Всякие разные есть домашние проституточки. Бывает, что такой «девочке» уже и под пятьдесят, а клиентура у нее крепкая, годами собранная. К таким от жен хорошо бегать. Обслуживают они вполне знакомых людей, назначают им дни, живут почти что семейно. И с деньгами у них по-семейному. Моя подружка, например, своим и в кредит давала, если у них были денежные затруднения. И наоборот: надо ей шубку новую справить, она берет деньги на ее покупку, а потом полгода, или сколько там, спит за так.
Дальше надо выходить нам на улицу. Вот уж где я не была, так не была. Наши девки друг дружку улицей пугали: «Пойдешь к Московскому вокзалу за пятерку!» И там тоже свои категории. «Такси-герл» — это еще ничего. Сговаривается девка с таксистом, он ее и возит мимо вокзалов, сам ей клиента подбирает. В багажнике и водку возит, тоже по своей цене. «Такси-герл» за десятку идут.

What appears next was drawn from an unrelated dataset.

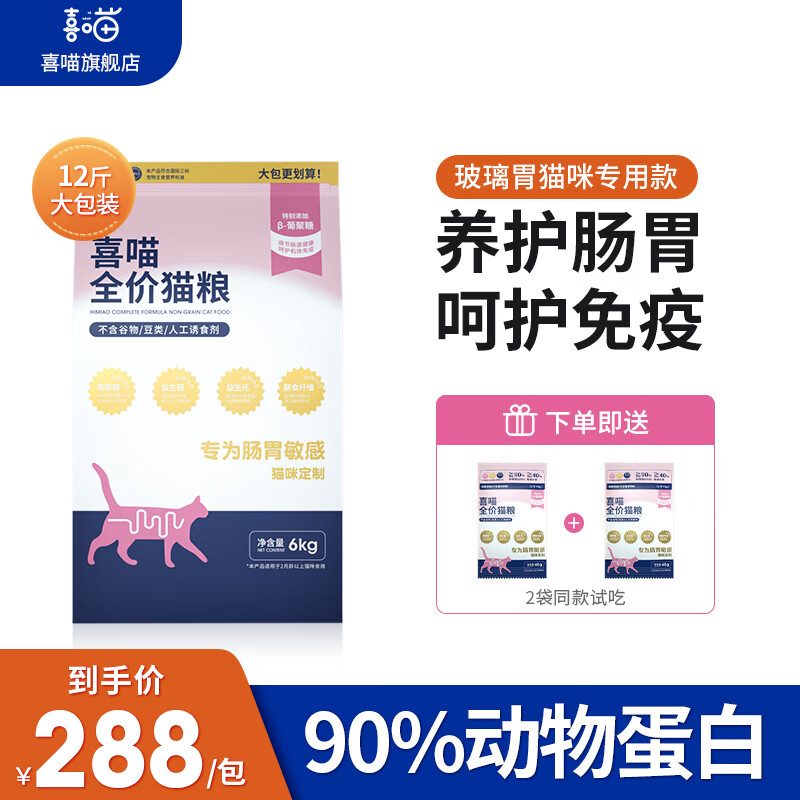 喜喵猫粮成猫幼猫全价无谷通用型猫主粮高蛋白营养增肥猫粮 【玻璃胃专用猫粮】6kg*1包

А случалось вам вечером проходить мимо Московского вокзала? Где-нибудь около двенадцати? А вы прогуляйтесь. Таких «красавиц» увидите, что только носы у них не провалены. Эти идут за пятерку с любым. Кто к себе ведет, а кто и в парадную.
За эту же цену промышляют бабы в Гостином дворе и других больших универмагах. Я одну семейную такую знала: муж у нее на заводе, двое ребятишек. А она каждый день на промысел выходила и двоих-троих клиентов обслуживала. В парадных. Десять-пятнадцать рублей в семью принесет — и довольна.
Про портовых, что моряков обслуживают, не знаю, врать не буду. Наверно, подороже, чем у вокзала, но не так, как при гостиницах.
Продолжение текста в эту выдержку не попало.